◆ What the task requires: Retype, exactly as they appear below, the lines between the line holding "A Szent Benedek" and the line holding "Márc. 17-én rendhagyó", both ends included.
--*--
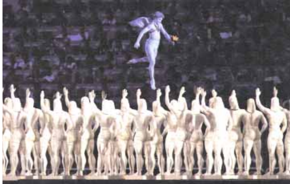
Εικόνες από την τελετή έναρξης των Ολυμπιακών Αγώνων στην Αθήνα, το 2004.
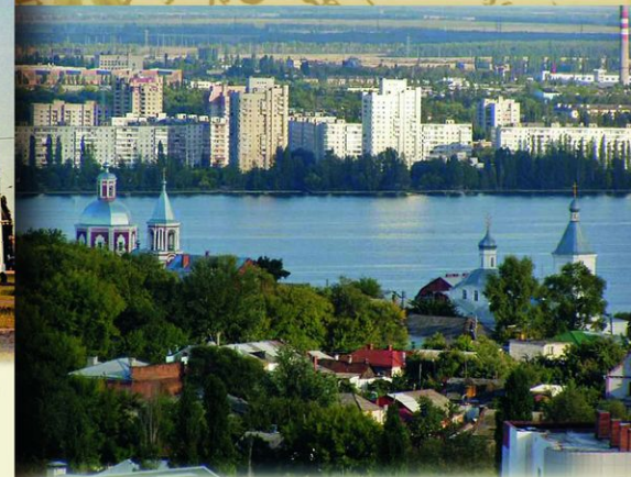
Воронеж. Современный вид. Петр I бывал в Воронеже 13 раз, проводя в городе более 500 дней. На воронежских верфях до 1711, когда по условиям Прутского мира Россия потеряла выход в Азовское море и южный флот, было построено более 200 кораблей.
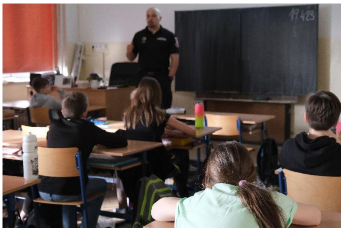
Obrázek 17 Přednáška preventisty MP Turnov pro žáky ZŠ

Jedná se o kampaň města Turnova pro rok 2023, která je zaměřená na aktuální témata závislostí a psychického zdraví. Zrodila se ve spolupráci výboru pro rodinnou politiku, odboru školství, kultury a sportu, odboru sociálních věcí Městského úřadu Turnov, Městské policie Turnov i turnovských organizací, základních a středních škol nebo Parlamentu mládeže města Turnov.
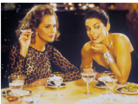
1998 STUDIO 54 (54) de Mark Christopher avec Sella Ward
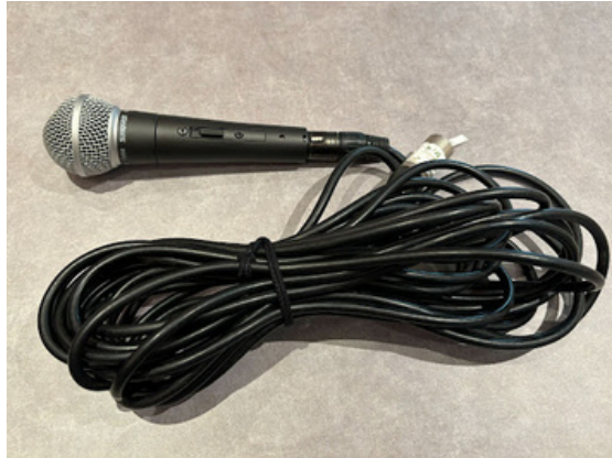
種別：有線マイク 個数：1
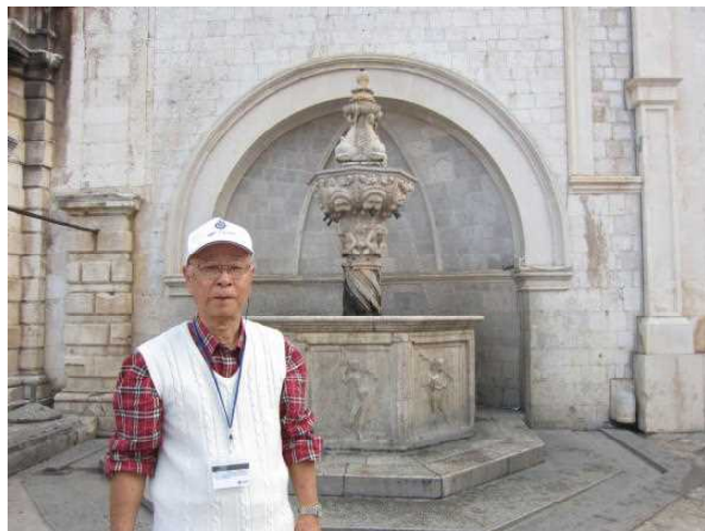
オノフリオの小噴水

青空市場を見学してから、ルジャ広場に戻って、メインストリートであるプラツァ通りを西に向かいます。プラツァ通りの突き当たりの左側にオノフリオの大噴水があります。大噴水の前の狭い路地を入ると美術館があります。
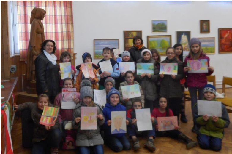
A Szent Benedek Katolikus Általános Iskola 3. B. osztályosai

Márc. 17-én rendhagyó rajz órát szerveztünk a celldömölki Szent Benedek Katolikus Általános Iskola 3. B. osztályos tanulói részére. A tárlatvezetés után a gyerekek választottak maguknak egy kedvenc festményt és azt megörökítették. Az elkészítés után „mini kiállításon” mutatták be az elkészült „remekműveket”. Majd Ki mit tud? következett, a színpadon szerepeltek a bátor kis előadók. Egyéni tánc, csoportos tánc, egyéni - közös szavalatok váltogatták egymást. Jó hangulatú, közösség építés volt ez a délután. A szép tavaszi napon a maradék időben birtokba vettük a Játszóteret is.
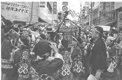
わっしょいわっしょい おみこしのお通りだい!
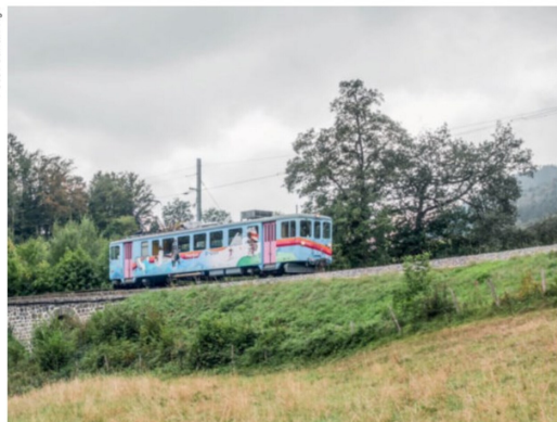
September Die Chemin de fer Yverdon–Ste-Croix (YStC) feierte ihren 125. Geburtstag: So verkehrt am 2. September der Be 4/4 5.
--*--
◆ Solution to this exercise:
A Szent Benedek Katolikus Általános Iskola 3. B. osztályosai

Márc. 17-én rendhagyó rajz órát szerveztünk a celldömölki Szent Benedek Katolikus Általános Iskola 3. B. osztályos tanulói részére. A tárlatvezetés után a gyerekek választottak maguknak egy kedvenc festményt és azt megörökítették. Az elkészítés után „mini kiállításon” mutatták be az elkészült „remekműveket”. Majd Ki mit tud? következett, a színpadon szerepeltek a bátor kis előadók. Egyéni tánc, csoportos tánc, egyéni - közös szavalatok váltogatták egymást. Jó hangulatú, közösség építés volt ez a délután. A szép tavaszi napon a maradék időben birtokba vettük a Játszóteret is.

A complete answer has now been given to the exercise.